Civil Rights Photographer Withers Outed as FBI Informant
Revered civil rights photographer Ernest Withers, who had access to high-profile activists and leaders of the movement during the 1960s, was at the same time working as paid FBI informant, according to a report by The Memphis Commercial Appeal.
“As a foot soldier in J. Edgar Hoover’s domestic intelligence program, Withers helped the FBI gain a front-row seat to the civil rights and anti-war movements in Memphis,” the paper says. Hoover was the long-time FBI director who spied on American political activists–including Martin Luther King and other civil rights leaders–in an effort to disrupt, discredit and neutralize their organizations.
Wither died in 2007 at the age of 85. He photographed the civil rights movement from the Emmett Till murder trial in 1955 through the assassination Martin Luther King in 1968 and amassed one of the largest archives an on African-American society, music and culture. His work appeared in Time, Newsweek, Ebony, The New York Times and other publications. His civil rights images were collected in the book Pictures Tell the Story: Ernest C. Withers Reflections in History, published in 2000.

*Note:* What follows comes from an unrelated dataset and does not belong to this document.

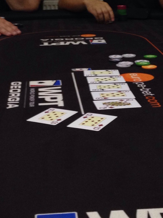 Спасибо за поздравления всей IPS Team. нашему директору Игорю который привез и болел за нас и всем кто сюда заходит почитать . Грузия замечательная гостеприимная страна и очень рад тому ,что смог сюда приехать .В MPN Poker Tour Tbilisi by Adjarabet.com совсем не сложилось . Вчера решил попробывать силы на World Poker Tour National Georgia . Турнир с баином 250 закончился на втором уровне ,следущей раздачкой. мп 300 за ним колл,я с бтн 77 колл ,блайнд добавил . флоп ,блайд лидит 1100 в троих ,рейзер 2500, коллер 6500 .я с сетом вроде ,но думаю если в старший сет то уже не отскочу.задвигаю начальный 25к-30к .спорсмен который крутил последний принимает .в общем делаю ре-энтри . качало всю дорогу и в последнем уровне дня вылетел с АК против АJ побежали на флопе А104 , ривером пришел валет .И я с кислой миной решал ,лететь завтра домой .Но мой друг Женя сказал ,чтобы я грузился в баунти по 200, не долго думаю ,ну колл чоо. Турнир проходил спокойно всю дорогу . но на бабле я поставил КК в ВВ и ривером опять он .у меня осталось 3-4бб. и в следущей раздаче с утг пушит не большей стек ,его принимают 1010 , он показал 95. я не особо понял мува ,но я попал в деньги 283 первые выплаты.дальше смог раскрутиться .и удача заступилась за меня . Если у вас будет возможность поехать в Грузию погулять ,поиграть ,попить вина ,не задумываясь соглашайтесь.

The Commercial Appeal isn’t clear about when it discovered Withers’ hidden past as a paid FBI informant, but says it came across his informant ID number by chance in a document related to a public corruption probe from 1970 that involved the photographer. At the time, he was a state employee and had been accused of taking payoffs, the newspaper said.
The FBI blacked out informant ID numbers before releasing the document, but apparently overlooked one number–Withers’ own.
“That number, in turn, unlocked the secret of the photographer’s 1960s political spying when the newspaper located repeated references to the number in other FBI reports released…30 years ago,” the newspaper explains. “Those reports — more than 7,000 pages comprising the FBI’s files on the 1968 sanitation strike and a 1968-70 probe of the Invaders — at times pinpoint specific actions by Withers and in other instances show he was one of several informants contributing details.”
The paper says, “It’s uncertain what impact the revelation will have on Withers’ legacy.”
Withers’ daughter and nephew told The Commercial Appeal that they had no idea he had been an informant. Another source quoted by the newspaper, Reverend James M. Lawson, 81, said, “I’m not surprised…the police and FBI were very clever about entrapping” blacks and making them informants. (Lawson became the target of an FBI probe after he supported the 1968 sanitation workers’ strike in Memphis.)
Another activist Withers spied on said the news that he had been an informant does not tarnish his legacy. “It does not alter who he was a person,” said Coby Smith, a former member of The Invaders, a militant group that the FBI broke up using tips from Withers. “He did so many more things. That wasn’t a full-time thing to be an informant for them.”